改訂新版 世界大百科事典 「自然改造計画」の意味・わかりやすい解説
自然改造計画 (しぜんかいぞうけいかく)
自然の有効利用を図るための総合的国土開発計画。もともとはソ連で第2次大戦後,第4次五ヵ年計画(1946-50)においてスターリンが提唱した用語。具体的には,ボルガ川流域における植林,ダム・水力発電所の建設,カラクム運河の開設等によって,自然災害の防止,農村の電化,耕地の拡大などを目指すものであった。ソ連における〈自然改造計画〉の主旨は,資本主義的な開発が一面的で,しばしば資源の略奪・疲弊をもたらすのに対し,社会主義における計画的・総合的開発計画は自然を略奪することなく改良・改造できるというところにあった。このような考え方は一時期大きな影響力をもち,エジプトのアスワン・ハイ・ダムや中国の淮河(わいが)治水事業をはじめ,アジア・アフリカ諸国でいくつかの計画が立案・実施された。しかし資本主義諸国においても,1930年代からのアメリカのTVAをはじめとして,大規模事業が国家的レベルで計画され,第2次大戦後にいっせいに実施に移されるようになったことや,生態系の破壊や公害の発生といった面で社会主義国もまた例外でないことが明らかになるにつれ,〈自然改造〉ないし〈自然改造計画〉という語はしだいに用いられなくなりつつある。

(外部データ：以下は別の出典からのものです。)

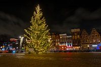 Nieuwmarkt in Amsterdam met kerstmis bij zonsondergang in Nederland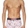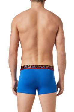 שלוש חבילות של תחתוני בוקסר מכותנה נמתחת רכה בשלושה צבעים מנוגדים. כל זוג מכוסה ברצועת מותן עם לוגו צבעוני שובב.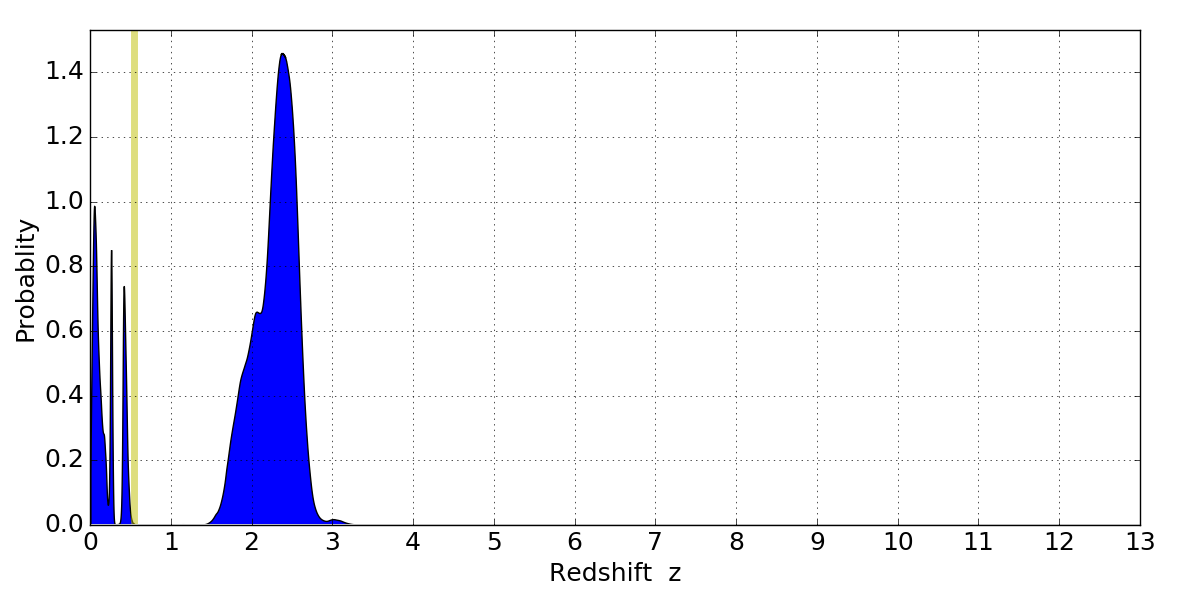 In P(z) plots: Yellow lines mark the cluster redshift z = 0.546,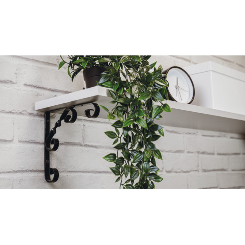 Dekorativní konzoly z oceli. Úzké a jemné, způsobují dojem lehkosti a diskrétně zdůrazňují estetiku konstrukce s policí.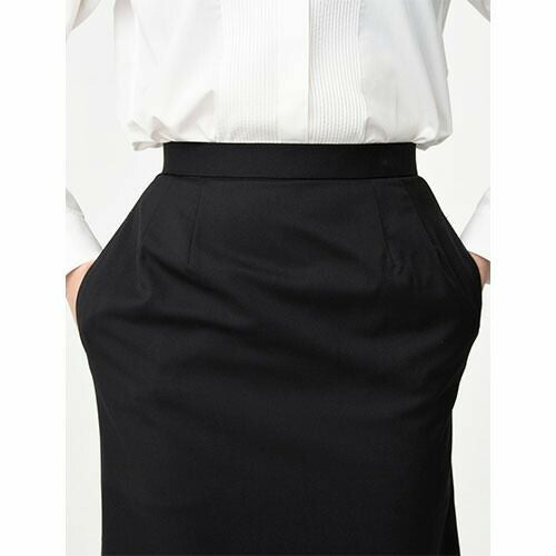経年退色、色落ち、耐光劣化がない“黒”定番エプロン・パンツを新開発 ユニフォームパンツの定番、黒。しかし現場では塩素漂白や耐光などにより色持ちがしにくいことが課題となってきました。新開発の「エバーブラック シリーズ」は、経年退色、塩素漂白の色抜け、耐光劣化がない素材を糸作りから考えたアイテム群。原料段階に着色する原着糸の採用で根本的にほぼ色落ちすることのない生地を開発し、塩素を使った清掃等で、ユニフォームの色抜けが問題となることが多いサービスシーンの要望に応えました。原料段階に着色する原着糸を使用した生地生地はラチネ組織の使用で、ポリエステル100%ながら光沢を抑え、梳毛スーツ地のようななめらかで高級感のある風合いに仕上がっています。ストレッチ性も高く、活動量の多い現場でも着用の美しさと機能面の両方をカバーすることが出来ます。製造工程での水・エネルギーの使用量も少なく、長期使用が可能なことでも環境への負荷が少ない製品です。パンツは定番の黒パンツをシルエットはそのままに、ポケット位置などを細かく修正しています。既存商品を使って頂いている現場には、サイズ感そのままで切り替え運用が可能です。スーツパンツのような見た目から、コロナ禍でマルチタスク化したホテルスタッフや、タクシー運転手などのように太陽光に長時間当たる外での業務にも広く使って頂けます。エプロンも全て定番の形をベースに、ものをたくさん入れられるようポケットはマチ付きに改良。軽くてストレッチ性の高い素材のため、着用感も軽く、着丈の長いエプロンも足さばきが良いのが特徴です。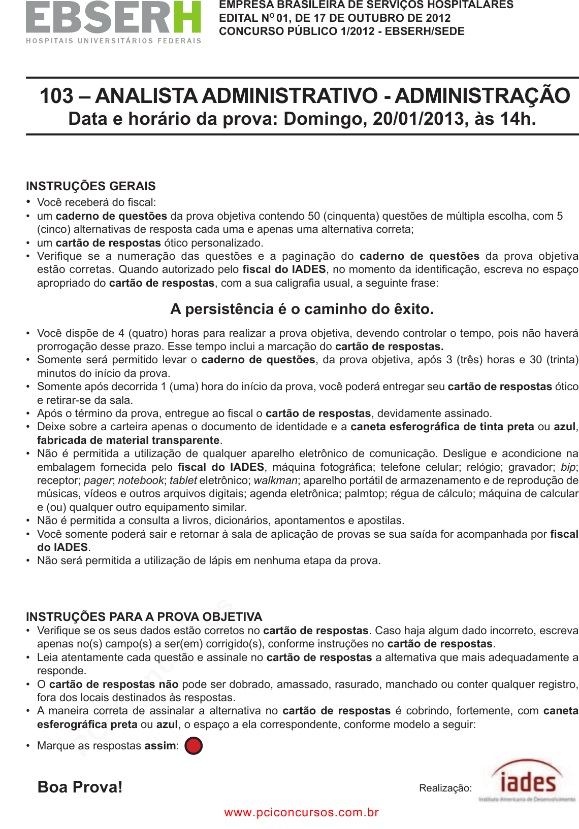 pcimarkpci MDAwMDowMDAwOjAwMDA6MDAwMDowMDAwOmZmZmY6YmFmOTpiNDVk:TW9uLCAwMyBGZWIgMjAyNSAxNDo1Njo1MyAtMDMwMA== www.pciconcursos.com.br EmPrESA BrASILEIrA dE SErvIÇoS HoSPITALArES EdITAL No 01, dE 17 dE oUTUBro dE 2012 CoNCUrSo PÚBLICo 1/2012 - EBSErH/SEdE 103 – ANALISTA AdmINISTrATIvo - AdmINISTrAÇÃo data e horário da prova: domingo, 20/01/2013, às 14h. INSTrUÇÕES GErAIS • Você receberá do fi scal: • um caderno de questões da prova objetiva contendo 50 (cinquenta) questões de múltipla escolha, com 5 (cinco) alternativas de resposta cada uma e apenas uma alternativa correta; • um cartão de respostas ótico personalizado. • Verifi que se a numeração das questões e a paginação do caderno de questões da prova objetiva estão corretas. Quando autorizado pelo fi scal do IADES, no momento da identifi cação, escreva no espaço apropriado do cartão de respostas, com a sua caligrafi a usual, a seguinte frase: A persistência é o caminho do êxito. • Você dispõe de 4 (quatro) horas para realizar a prova objetiva, devendo controlar o tempo, pois não haverá prorrogação desse prazo. Esse tempo inclui a marcação do cartão de respostas. • somente será permitido levar o caderno de questões, da prova objetiva, após 3 (três) horas e 30 (trinta) minutos do início da prova. • somente após decorrida 1 (uma) hora do início da prova, você poderá entregar seu cartão de respostas ótico e retirar-se da sala. • Após o término da prova, entregue ao fi scal o cartão de respostas, devidamente assinado. • deixe sobre a carteira apenas o documento de identidade e a caneta esferográfi ca de tinta preta ou azul, fabricada de material transparente. • não é permitida a utilização de qualquer aparelho eletrônico de comunicação. desligue e acondicione na embalagem fornecida pelo fi scal do IADES, máquina fotográfi ca; telefone celular; relógio; gravador; bip; receptor; pager; notebook; tablet eletrônico; walkman; aparelho portátil de armazenamento e de reprodução de músicas, vídeos e outros arquivos digitais; agenda eletrônica; palmtop; régua de cálculo; máquina de calcular e (ou) qualquer outro equipamento similar. • não é permitida a consulta a livros, dicionários, apontamentos e apostilas. • Você somente poderá sair e retornar à sala de aplicação de provas se sua saída for acompanhada por fi scal do IAdES. • não será permitida a utilização de lápis em nenhuma etapa da prova. INSTrUÇÕES PArA A ProvA oBJETIvA • Verifi que se os seus dados estão corretos no cartão de respostas. caso haja algum dado incorreto, escreva apenas no(s) campo(s) a ser(em) corrigido(s), conforme instruções no cartão de respostas. • leia atentamente cada questão e assinale no cartão de respostas a alternativa que mais adequadamente a responde. • O cartão de respostas não pode ser dobrado, amassado, rasurado, manchado ou conter qualquer registro, fora dos locais destinados às respostas. • A maneira correta de assinalar a alternativa no cartão de respostas é cobrindo, fortemente, com caneta esferográfi ca preta ou azul, o espaço a ela correspondente, conforme modelo a seguir: • Marque as respostas assim: Boa Prova! realização: www.pciconcursos.com.br pcimarkpci MDAwMDowMDAwOjAwMDA6MDAwMDowMDAwOmZmZmY6YmFmOTpiNDVk:TW9uLCAwMyBGZWIgMjAyNSAxNDo1Njo1MyAtMDMwMA== www.pciconcursos.com.brconcurso público 1/2012 - EbsErH/sEdE 103 - ANALISTA AdmINISTrATIvo - AdmINISTrAÇÃo pAG 2/14 Texto 1, para responder às questões de 1 a 4. CoNHECImENToS BÁSICoS - QUESTÕES 1 A 20 LÍNGUA PorTUGUESA – QUESTÕES 1 A 8 Toda obra gera entulho. É o dono da obra quem deve assegurar a destinação correta do entulho, normalmente os aterros. Quando isso não acontece, cerâmica, gesso, cimento, concreto, vergalhão, madeira e outros materiais aparecem abandonados em terrenos baldios, encostas de morros ou em leitos de rios e lagos. No Brasil, são recolhidos oi cialmente 33 milhões de toneladas de entulho por ano. Material sui ciente para construir quase 500 mil casas populares de 50 metros quadrados cada uma. Mas quem estuda o setor de construção civil admite que a quantidade gerada seja muito maior que essa. Há quem não veja no entulho problema, e sim uma solução. Em Belo Horizonte, por exemplo, o que é coletado nas ruas é levado para usinas de reciclagem. Tudo que chega é despejado e espalhado no pátio. A água ajuda a baixar a poeira. Aí começa a coleta das impurezas. Tudo que não pode entrar na reciclagem do entulho é impureza, e a cada dia são separadas 10 toneladas de impurezas, que vão para o aterro. O britador tritura todos os materiais em cinco diferentes tamanhos de grãos. Uma usina de reciclagem de entulho é uma linha de montagem de material de construção de diferentes tipos como, por exemplo, brita, que é muito comum para quem está fazendo obra, precisa de pedrinha. Ela vai substituir a brita natural na elaboração de blocos, pavimentação, meio-i o. Esse material natural, que antes seria lixo, passa a ser insumo para as nossas obras. “Se eu fosse buscar no mercado para todas as obras municipais, seria uma despesa importante, não só o material, a brita e a areia, como o material que a gente usa base e sub- base de pavimentação, cobertura de valas”, fala o diretor de Planejamento da Sup. Limpeza Urbana/BH, Lucas Garilho. A primeira usina foi inaugurada há 17 anos. Hoje são três em atividade, transformando 460 toneladas de detritos, por dia, em matéria-prima para a construção civil. Apenas no ano passado, Belo Horizonte reciclou mais de 112 mil toneladas de entulho. Com esse material, seria possível construir: 1.651 casas populares com 50 metros quadrados; 34 quilômetros de ruas com dez metros de largura; 67 escolas com mais de mil metros quadrados. Se fosse comprar esses materiais no mercado, Belo Horizonte teria de gastar aproximadamente R$ 7 milhões por ano. “Um bloco no mercado, ele e

一方,呼び方はどうあれ,自然の総合的開発を必要とした条件,つまり耕地の不足や水資源の確保,交通の利便といった問題は解消されたわけでなく,それを可能にする科学技術の条件もあり,現実には国土総合開発,河川総合開発あるいは列島改造などの名目で,ある種の〈自然改造〉は今でも多くの国で活発に進められている。近年では,〈自然改造〉の名に相当するような大規模な事業計画に対して〈マクロ・エンジニアリングmacro-engineering〉の語が用いられることが多い。